На подобные действия власти Совнарком реагировал болезненно. Еще в феврале был закрыт кадетский «Астраханский вестник».
2 марта обнародуются «Правила о порядке издания периодической прессы», в которых говорится, что издания, «сеющие смуту путем явно клеветнического извращения фактов», подлежат закрытию[553]. В этот же день была закрыта меньшевистская газета «Свободная мысль»[554]. Впрочем, меньшевики просто переименовали свое издание и вплоть до лета выпускали «Живую мысль».

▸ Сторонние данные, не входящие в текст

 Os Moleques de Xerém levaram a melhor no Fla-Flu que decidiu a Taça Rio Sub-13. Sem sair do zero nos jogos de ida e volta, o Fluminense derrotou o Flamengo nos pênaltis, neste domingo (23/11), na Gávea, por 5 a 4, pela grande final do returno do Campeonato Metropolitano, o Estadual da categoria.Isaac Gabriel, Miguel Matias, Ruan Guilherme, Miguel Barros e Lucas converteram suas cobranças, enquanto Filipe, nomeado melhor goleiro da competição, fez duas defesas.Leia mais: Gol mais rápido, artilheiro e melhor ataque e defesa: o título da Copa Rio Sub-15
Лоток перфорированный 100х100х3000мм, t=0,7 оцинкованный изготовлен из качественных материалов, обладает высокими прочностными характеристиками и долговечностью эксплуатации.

7 марта левый эсер Перфильев и большевик Хумарьянц, отвечавшие за милицию и печать соответственно, принимают решение конфисковать очередной выпуск эсеровского «Голоса революции». Одновременно в Царевском уезде пресекается дальнейшее издание эсеровского «Листка для народа». Заодно там же были арестованы руководители уездной земской Управы, по случаю состоявшие в партии эсеров. Это вызвало протесты. За коллег вступились служащие земства, пригрозившие забастовкой солидарности. Арестованных пришлось выпустить[555].
21 марта был конфискован тираж «Астраханских епархиальных ведомостей». Владыка Митрофан регулярно размещал в «Ведомостях» статьи с разоблачениями социализма, причем любого, так что конфискация была связана с размещением очередной критической статьи, которая, по мнению Хумарьянца, вызывала ненужный раскол в обществе.

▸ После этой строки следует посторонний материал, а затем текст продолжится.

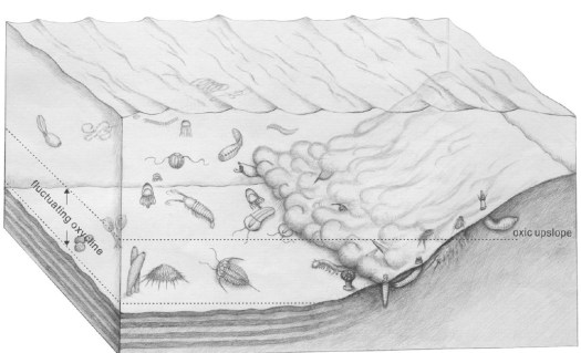 The mechanism for preservation is generally the burial of the lifeforms in an oxygen-free environment with minimal bacteria, thus delaying decomposition. This is theorized to have happened at these Cambrian sites when an upslope mudslide carried the creatures to lower depths and then entombed them in the mud.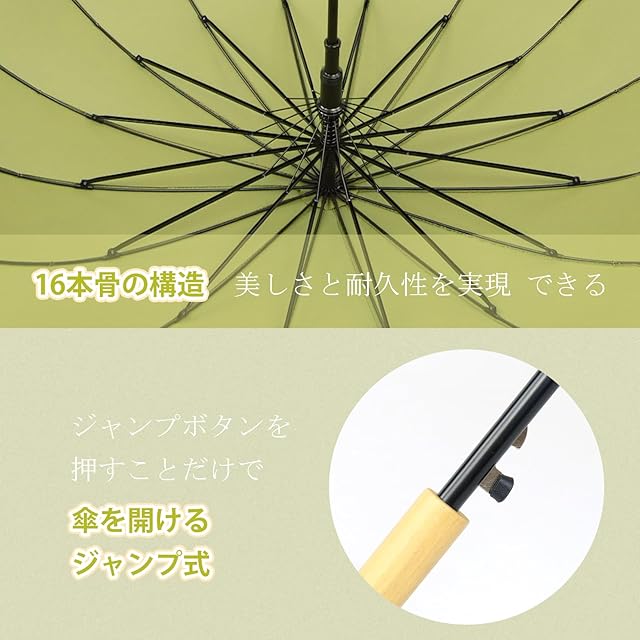 【耐久性に優れ、曲線が美しい16本骨傘】その美しい16本の骨は柔軟で丈夫なグラスファイバーを採用し従来の8本骨の2倍の16本骨にすることで今までにない強度と耐久性を実現。強風にあおられても、安易に折れたり曲がったりする心配ありません。雨と風が同時に襲ってきやすい日本だからこそ、丈夫で折れにくい傘は魅力です。風をうまく受け流しながら、悪天候に負けずに使用できます。また、16本骨傘は8本骨傘に比べて円形に近い形状になるので見た目も美しく、男女問わず使用できる傘です。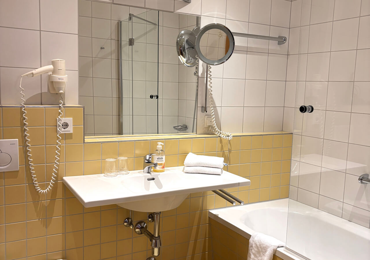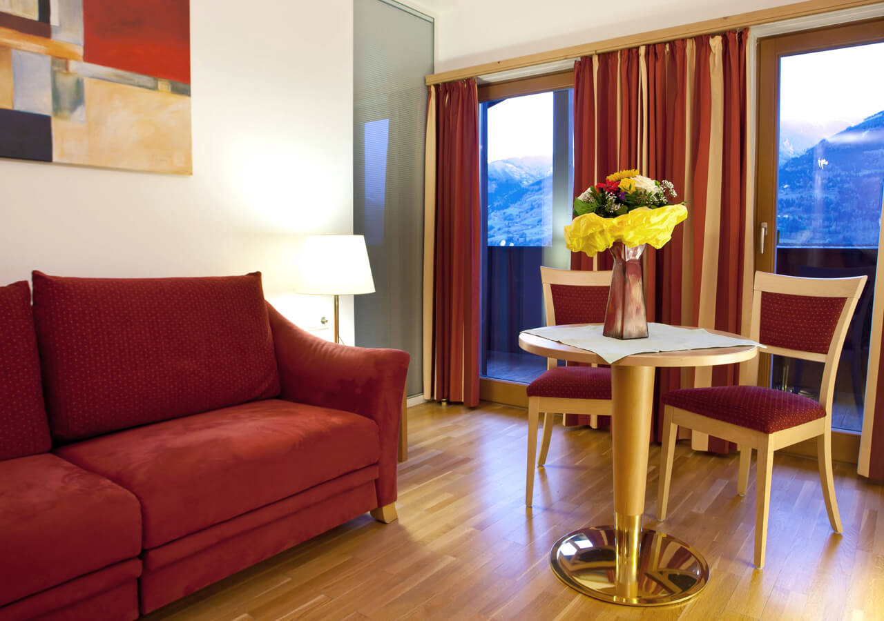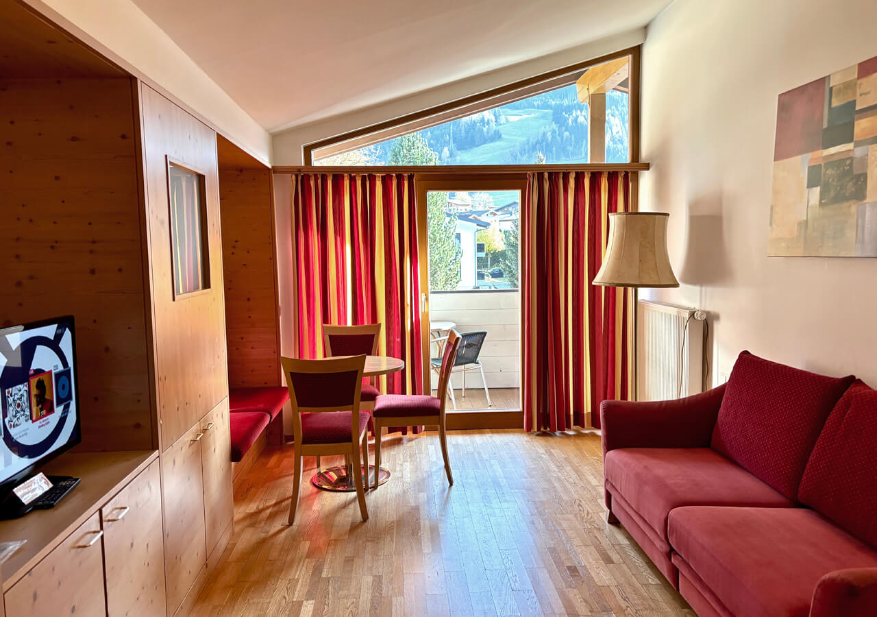 Der getrennte Wohn- und Schlafbereich bietet eine Schlafcouch für zwei Personen sowie zwei TV-Geräte für komfortables Wohnen. Das Studio verfügt über zwei Bäder – Badewanne/WC und Dusche/WC – sowie Telefon, Kabel-TV, Minibar, Zimmersafe, Föhn und Schreibtisch.

27 марта последовало предостережение «Астраханскому листку».
14 апреля вышел последний номер эсеровского «Голоса революции». Всего с начала года вышло 18 номеров газеты. Решение о закрытии газеты принимал лично максималист Цыпин, который, угрожая ревтрибуналом, потребовал от владельцев типографий прекратить печатать любую правоэсеровскую продукцию[556].

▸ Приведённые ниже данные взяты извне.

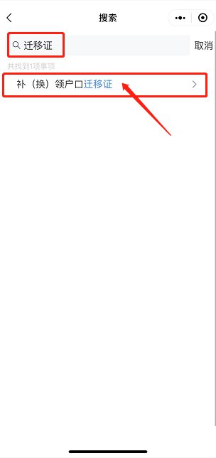 第二步:搜索迁移证-点击补(换)领户口迁移证-选择地区-预约办理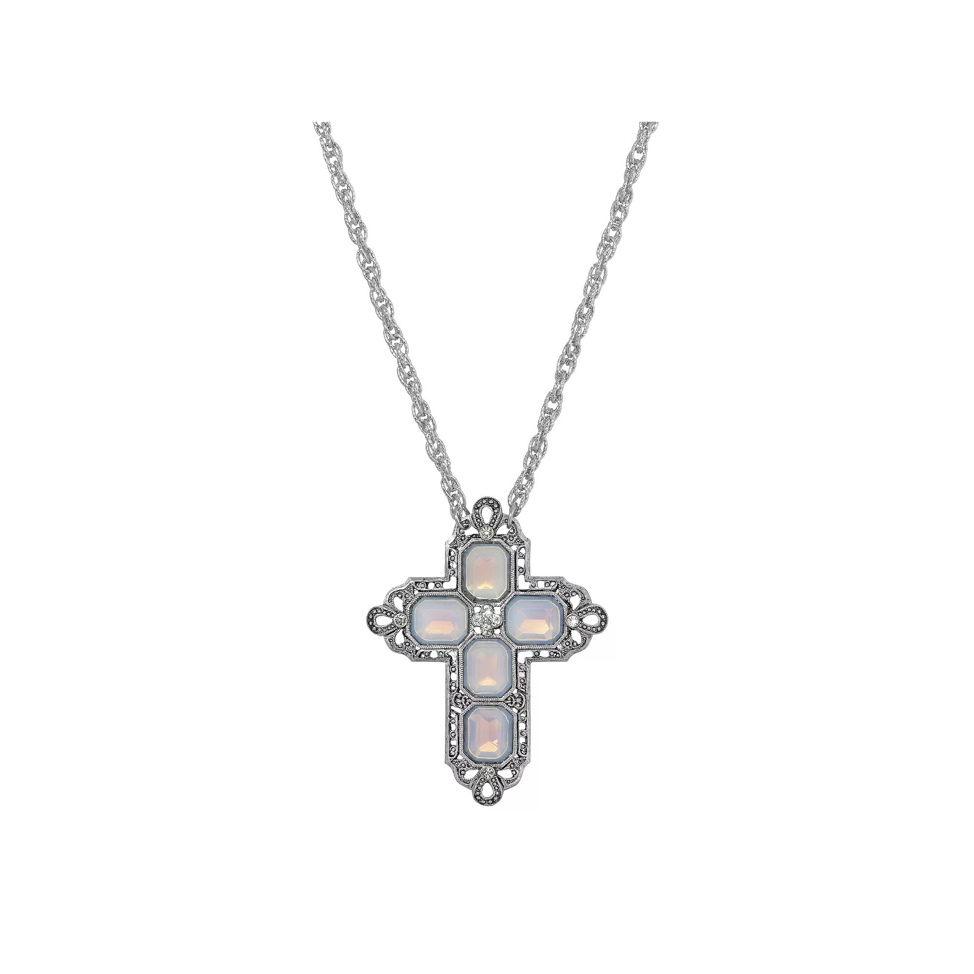 This 1928 Rectangle Simulated Crystal Cross Chain Necklace has a sweet and ornate design. This 1928 Rectangle Simulated Crystal Cross Chain Necklace has a sweet and ornate design. DETAILS Pendant length: 2.5 in. Chain length: 30 in. Clasp: lobster-claw Metal: alloy Plating: silver tone Finish: polished Not appropriate for children 14 years old and younger. Size: One Size. Color: Green. Gender: female. Age Group: adult.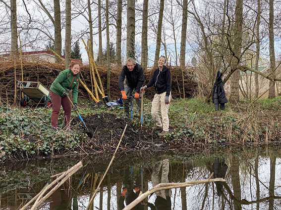 De ijsvogel wordt steeds vaker in deze buurt gezien. Er zijn zelfs nesten gevonden in de scheg. Maar er kan altijd meer gebeuren. Daarom hebben Manuela en Ingmar van het park, samen met Tello en Henk van de Kadoelerscheg, op 14 maart een ijsvogelwand gemaakt in Volkstuinpark de Bongerd. Dat was niet alleen nuttig, maar ook erg gezellig.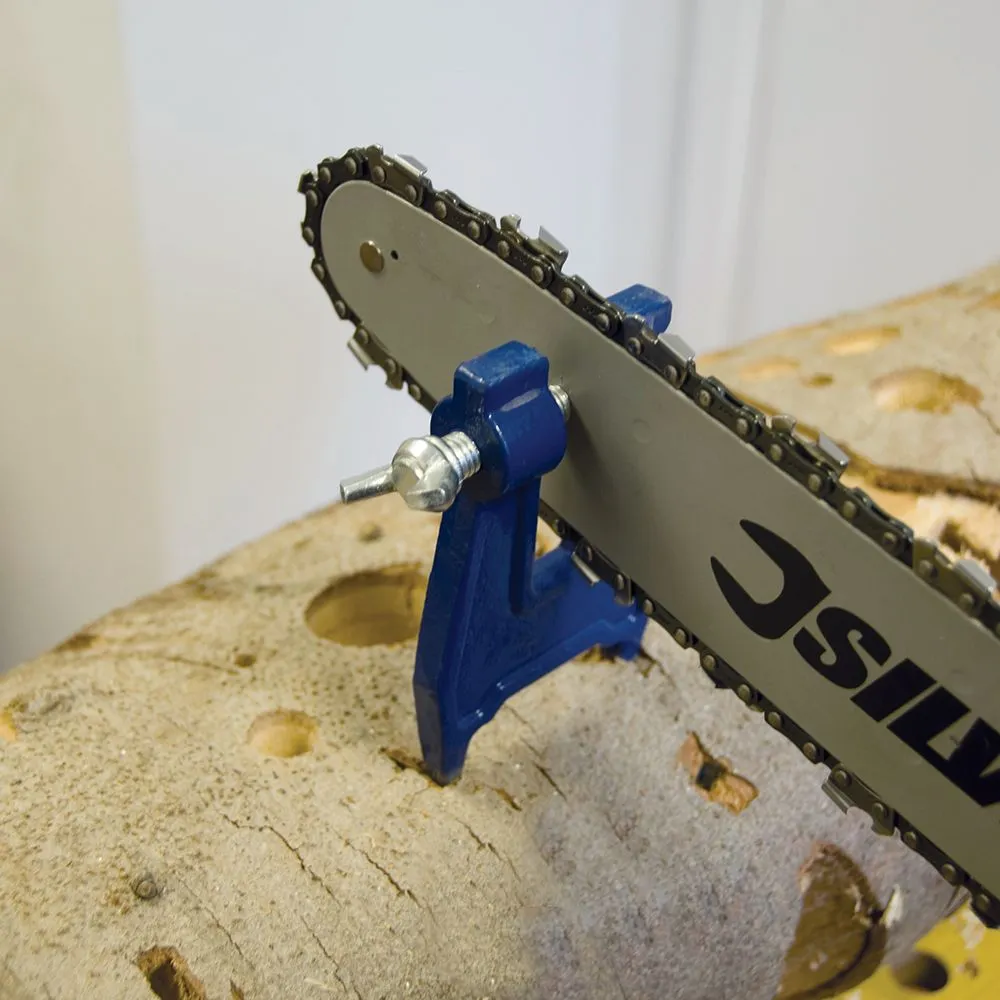 Stal węglowa konstrukcji imadło. Dwa kolce do zakotwiczenia w drewnie. Zacisk motylkowy na prowadnicę łańcucha. Do zastosowania z piłą łańcuchową. Zakres wysokośći 0 - 16 mm.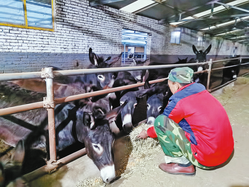 脫貧戶嚴(yán)書軍在家門口的綠東夢牧業(yè)驢場負(fù)責(zé)飼養(yǎng)驢,每月有固定的收入。 (本報(bào)通訊員 劉阿楠 攝)

4 мая была закрыта правомусульманская газета «Сарай», а типографию, выпускавшую эсеровскую литературу, реквизировали под печать советских «Известий»[557].
В мае эсеры попробовали выпускать газету под другим названием – «Борьба за право». Успели выйти два номера. В них эсеры сообщили, что ходят слухи о приближении к Астрахани немцев (!), призвав народных комиссаров «рассказать всю правду народу». После этого эсеры обклеили город плакатами о своем отказе участвовать в первомайской демонстрации. Власти приказали плакаты сорвать, а на квартиру к Сигалову пришли красноармейцы, командир которых провел с Сигаловым небольшую дискуссию, впрочем, без всяких угроз[558].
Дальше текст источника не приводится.